方程跟在原理后面下了车,才发现其中一个人是彭越,另一个人并不认识,然而染着黄毛长得流里流气,一看就不是什么好鸟。可能是先入为主的原因,方程认定了说后一句话的人是彭越,说脏话那个是黄毛。
事实如她所判。
随着原理下车走近,那边两个人往这边看过来,彭越停下和黄毛的争吵,“稀客呀原少爷!”
原理拦下彭越长得老开想要拥抱他的双臂,瞥了黄毛一眼,并不多理会,让了点到,让方程不至于被掩在他背后。
已经到巷子深处,左边台阶上是一家小饭馆,面积不是很大,连装潢都跟糙老爷们一样简单粗犷。别人饭店里都贴美食照片,再不济也是贴可以让人觉得放松的比如印有爬山虎图样的壁纸,但是这家店里居然满墙贴着游戏截图,要不扛着一把木仓,要不是死在血泊里的一个人,丝毫不考虑顾客的食欲问题。
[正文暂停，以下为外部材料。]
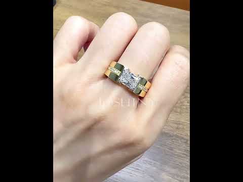This engagement ring has a classic and minimalist design with delicate and sparkling craftsmanship and is comfortable to wear for both men and women. The center features a sparkling radiant cut white main stone, and the arms are accented with brilliant round cut white stones. Perfect for many occasions. Total weight is approximately 3 carats.The ring is made of 925 silver throughout, with thick gold plating, which makes the luster last longer compared to other single layer plating. The style is classic and exquisite, bringing more possibilities for your fashion collocation.

方程只大概看了一眼,有点怀疑原理刚刚说的“还不错”,等身前的人移开一点,她收回视线,向彭越问了声好。
“原来是你啊,我还说原理偷偷摸摸在背后藏着什么人呢!你们这么晚来这儿,吃饭?”
他把探寻的目光投向原理。
原理无语,“来这里不吃饭还能干什么。”
“也是,走吧,店里说。”
他踏上台阶,原理迈出一小步便回头,“灯暗,当心脚下。”
“好。”
黄毛受到了众人的无视,冷落,心有不甘,“我草尼玛的杂种!”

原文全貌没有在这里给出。